### Work to be completed
Reproduce only the lines that begin at the line with "Contenu du colis" and run to the end of the entries; omit every picture.

### Dataset extract

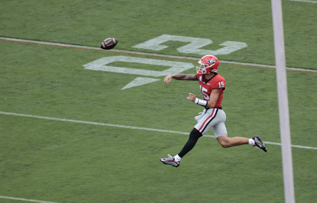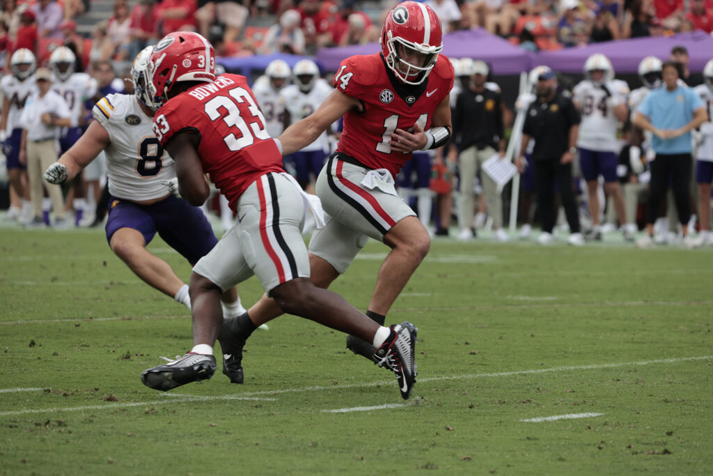 Led by five touchdown passes from quarterback Carson Beck, the top-ranked Georgia football team earned its 26th consecutive win at Sanford Stadium on Saturday, routing Tennessee Tech 48-3 in the Bulldogs’ home opener. The victory, in front of a crowd of 93,033, was also the Bulldogs’ 41st straight regular-season win.
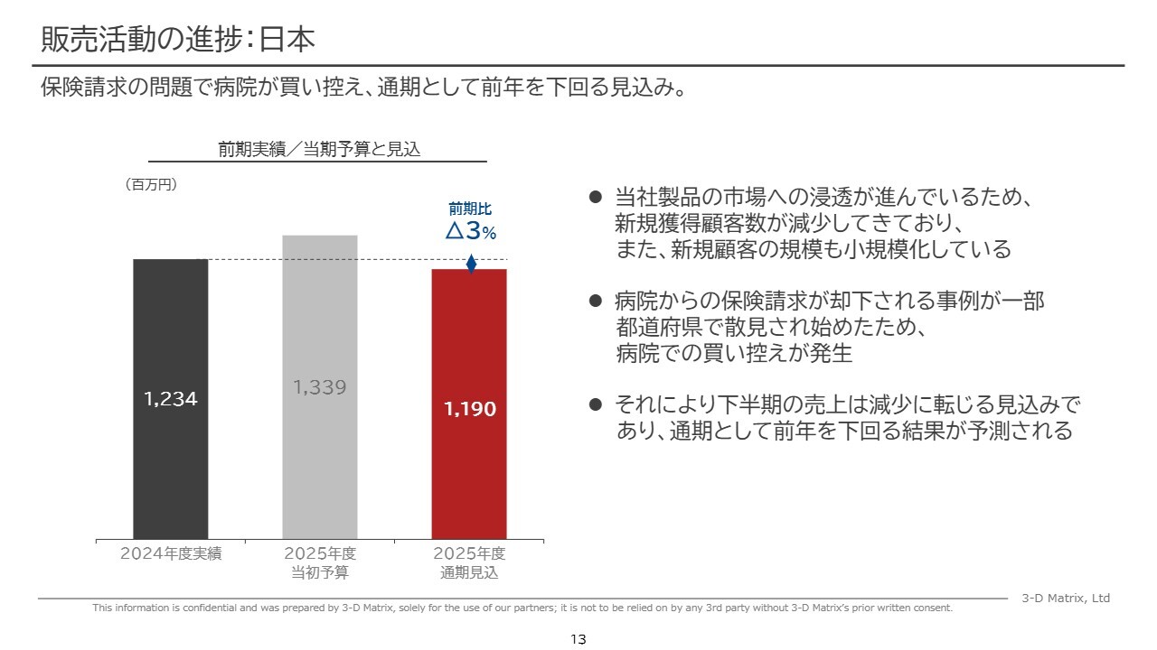 この影響により、病院では買い控えが発生し、下期の売上は減少に転じる見込みです。その結果、通期として前年を下回る結果が予想される状況です。
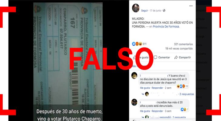 Circula en Facebook una publicación en la que se ve el padrón electoral de la provincia de Formosa con los datos de una persona llamada Plutarco Chaparro. La imagen está acompañada del siguiente texto: “MILAGRO: UNA PERSONA MUERTA HACE 30 AÑOS VOTÓ EN FORMOSA (sic)”. Sin embargo, esto es falso: Chaparro efectivamente falleció, pero no se emitió ningún voto en su nombre, según confirmaron el Tribunal Electoral Provincial y la Cámara Nacional Electoral a Reverso.
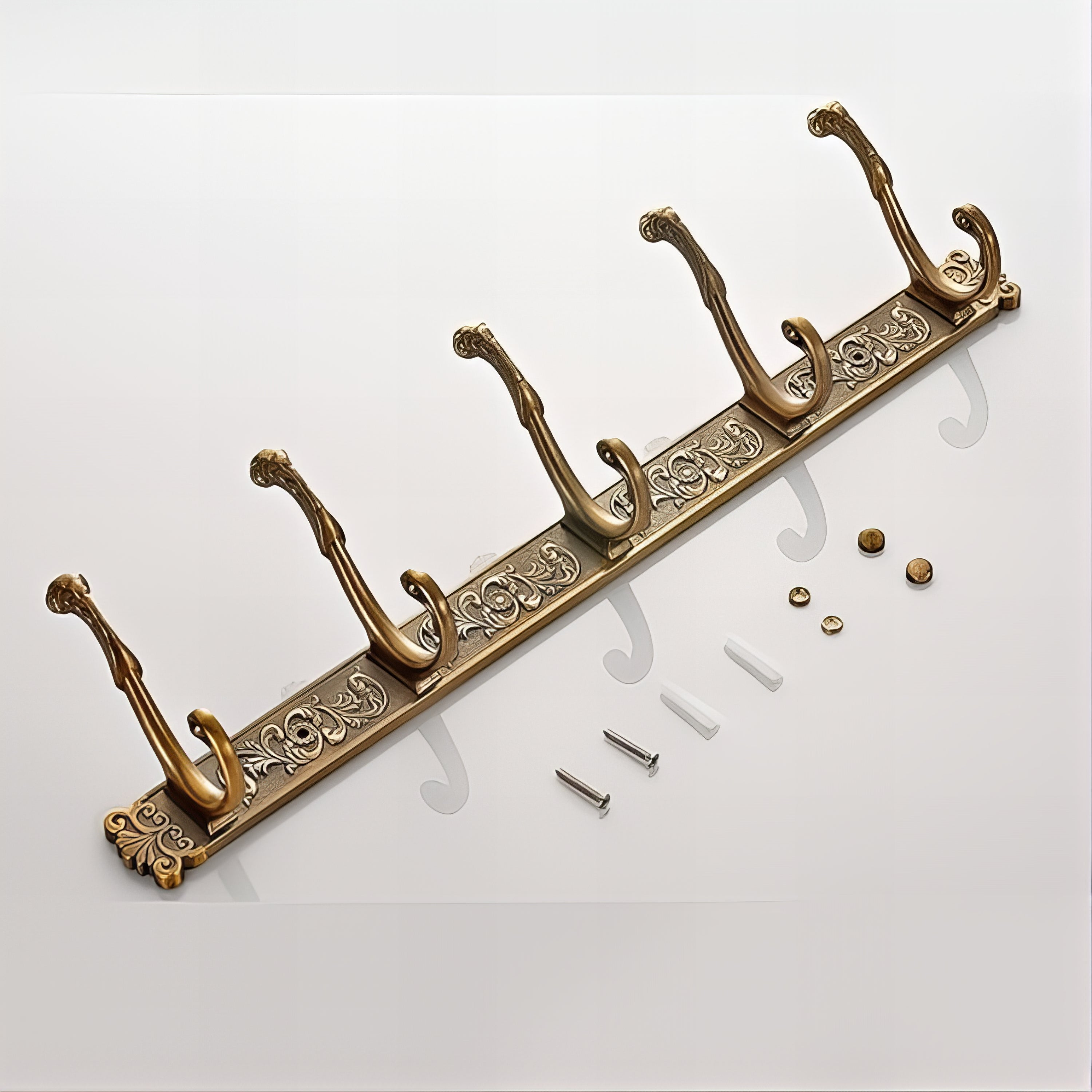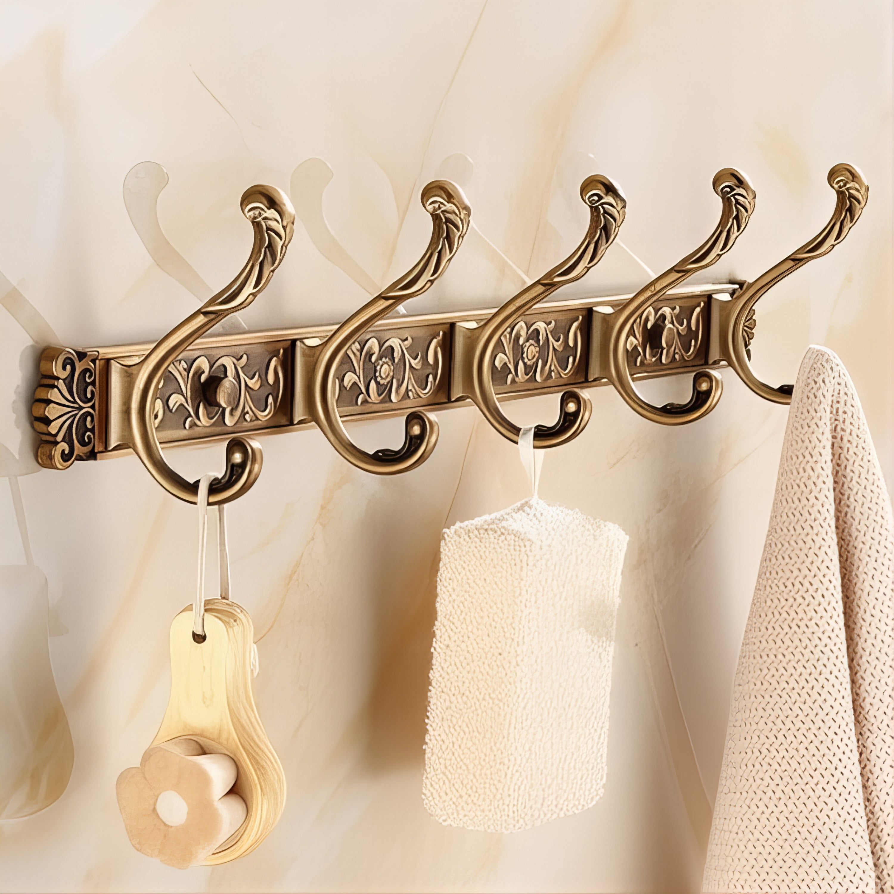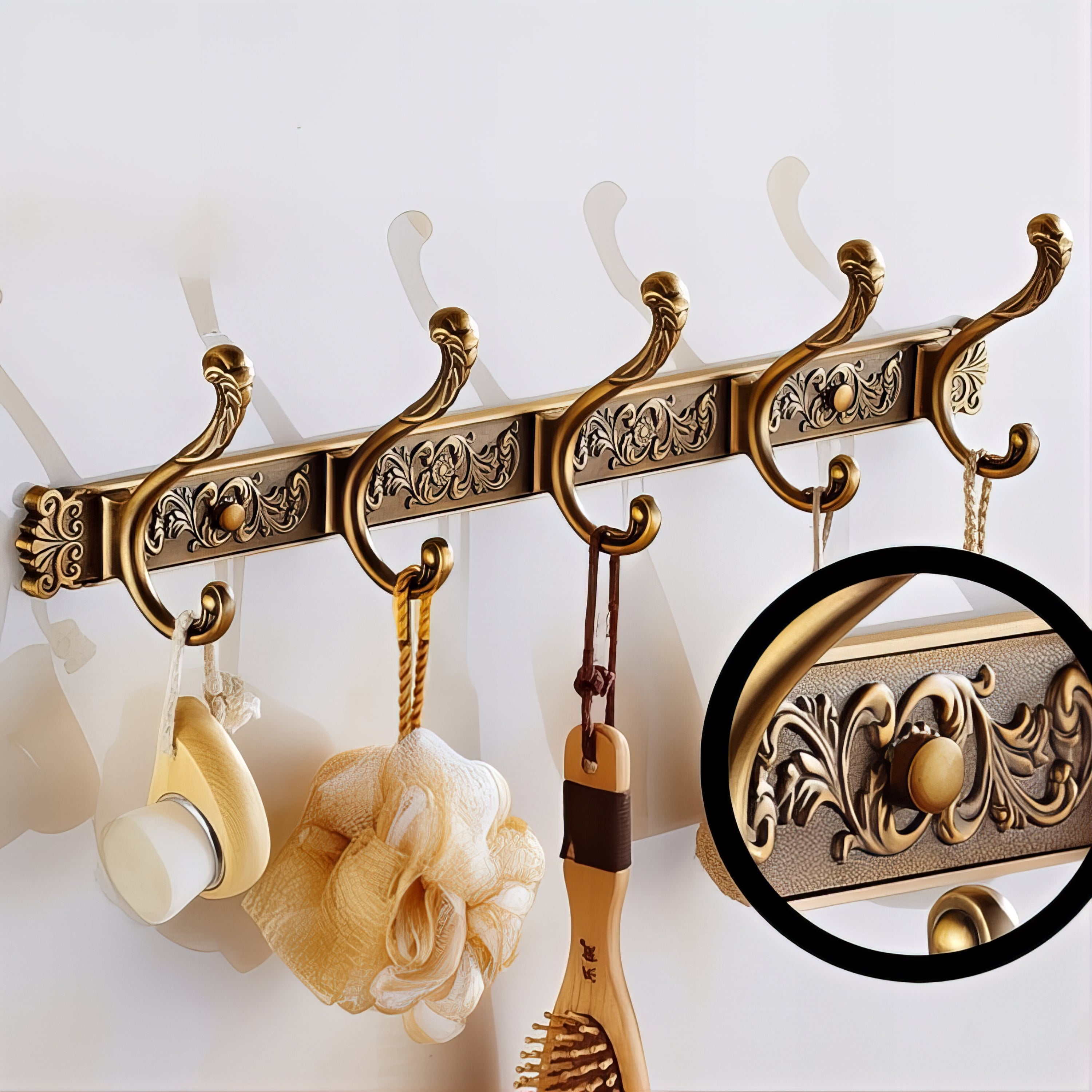 Contenu du colis : 1 porte-manteau mural en alliage doré (5 crochets doubles), 2 vis + 2 chevilles d’ancrage, cache-vis décoratifs assortis, notice d’installation rapide.
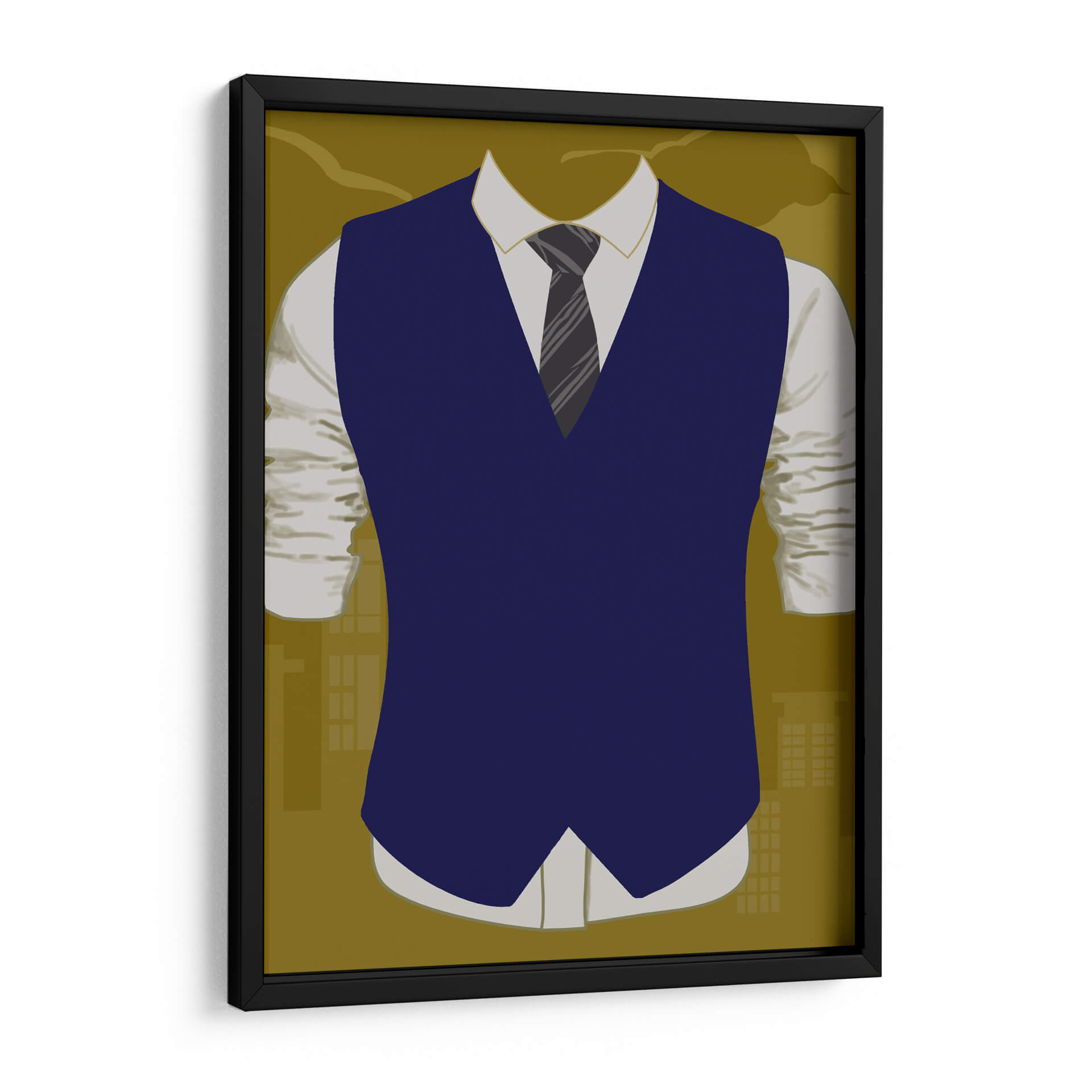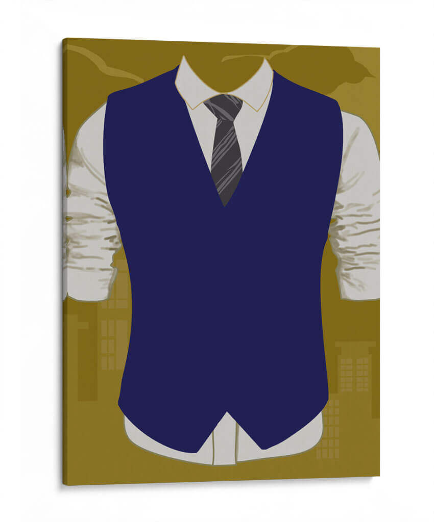 Sumérgete en la elegancia urbana con "Traje en la ciudad", una obra de arte contemporáneo que captura la esencia de la sofisticación moderna. Este cuadro decorativo presenta una figura masculina vestida con un impecable traje azul marino, camisa blanca y corbata a rayas, delineado contra un fondo abstracto de tonos dorados y siluetas urbanas sutiles. La composición minimalista y el uso audaz del color invitan a la reflexión sobre la identidad y la presencia en el bullicioso entorno de la ciudad. La paleta de colores, dominada por el contraste entre el azul vibrante y los tonos terrosos, crea una atmósfera de confianza y estilo, perfecta para aquellos que aprecian el diseño nítido y las declaraciones de moda. Este cuadro es ideal para infundir un toque de refinamiento en tu oficina, sala de estar o cualquier espacio que busque un acento de personalidad contemporánea. "Traje en la ciudad" no es solo una pieza decorativa, sino una invitación a proyectar seguridad y buen gusto en cada rincón de tu hogar u oficina, convirtiéndose en un punto focal que inspira y define tu estilo.

### Finished exercise
 Contenu du colis : 1 porte-manteau mural en alliage doré (5 crochets doubles), 2 vis + 2 chevilles d’ancrage, cache-vis décoratifs assortis, notice d’installation rapide.
 Sumérgete en la elegancia urbana con "Traje en la ciudad", una obra de arte contemporáneo que captura la esencia de la sofisticación moderna. Este cuadro decorativo presenta una figura masculina vestida con un impecable traje azul marino, camisa blanca y corbata a rayas, delineado contra un fondo abstracto de tonos dorados y siluetas urbanas sutiles. La composición minimalista y el uso audaz del color invitan a la reflexión sobre la identidad y la presencia en el bullicioso entorno de la ciudad. La paleta de colores, dominada por el contraste entre el azul vibrante y los tonos terrosos, crea una atmósfera de confianza y estilo, perfecta para aquellos que aprecian el diseño nítido y las declaraciones de moda. Este cuadro es ideal para infundir un toque de refinamiento en tu oficina, sala de estar o cualquier espacio que busque un acento de personalidad contemporánea. "Traje en la ciudad" no es solo una pieza decorativa, sino una invitación a proyectar seguridad y buen gusto en cada rincón de tu hogar u oficina, convirtiéndose en un punto focal que inspira y define tu estilo.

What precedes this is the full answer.